Please transcribe every record below exactly, leaving out the pictures.

◆ ◆ ◆ ◆

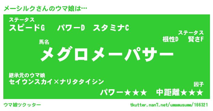 | ファンタジー風あだ名 | 『メーフェル』『エターナルメーシルクー』 |
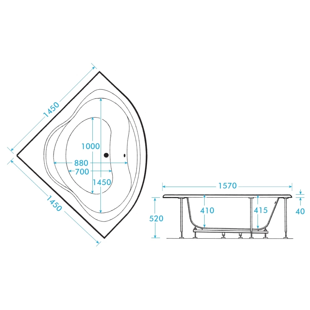 Lagoon 1450 x 1450mm corner bath
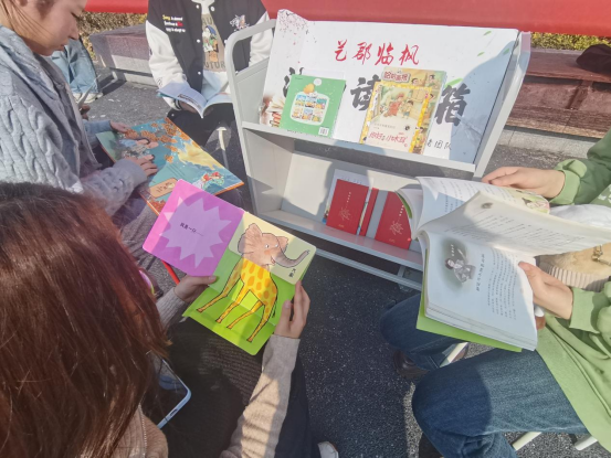 通过先行开展的“爱心税”活动募集到数十本儿童读物,于社区设立“流动读书箱”。在流动的“爱心书角”里,我们可以看见社区孩子和大学生们静默共坐,感受书籍所带来的心灵的宁静,或是共同讨论,为彼此的思考注入新的活力。居民们适时远离城市的喧嚣,静静读一本书,可以对书籍有更深刻的体会。
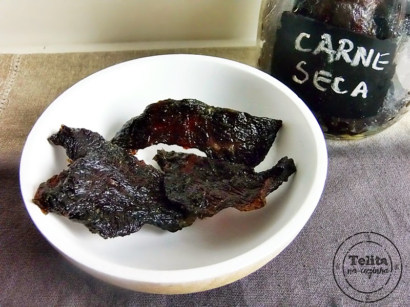 Tendo um desidratador de alimentos em casa, tinha que experimentar a carne seca. Andei a pesquisar receitas para saber como temperar e/ou que cuidados a ter com a carne. Entre muitas, escolhi esta lista e optei pela mais simples. Escolhi marinar a carne com azeite mas pode ser feito com tempero em pó e sem quaisquer líquidos.
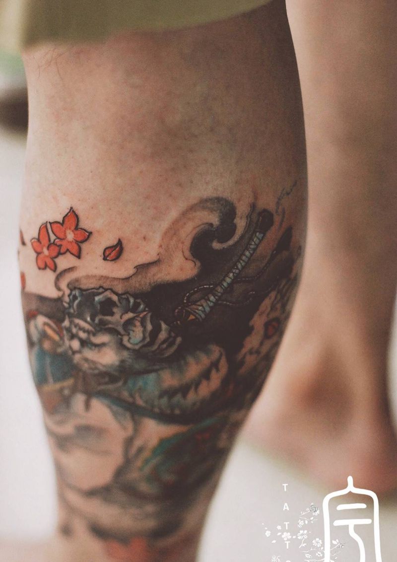 • T网红王老大花腿龙纹身图片_腿部新传统纹身图案

◆ ◆ ◆ ◆

- **EXERCISE ANSWER**:
 | ファンタジー風あだ名 | 『メーフェル』『エターナルメーシルクー』 |
 Lagoon 1450 x 1450mm corner bath
 通过先行开展的“爱心税”活动募集到数十本儿童读物,于社区设立“流动读书箱”。在流动的“爱心书角”里,我们可以看见社区孩子和大学生们静默共坐,感受书籍所带来的心灵的宁静,或是共同讨论,为彼此的思考注入新的活力。居民们适时远离城市的喧嚣,静静读一本书,可以对书籍有更深刻的体会。
 Tendo um desidratador de alimentos em casa, tinha que experimentar a carne seca. Andei a pesquisar receitas para saber como temperar e/ou que cuidados a ter com a carne. Entre muitas, escolhi esta lista e optei pela mais simples. Escolhi marinar a carne com azeite mas pode ser feito com tempero em pó e sem quaisquer líquidos.
 • T网红王老大花腿龙纹身图片_腿部新传统纹身图案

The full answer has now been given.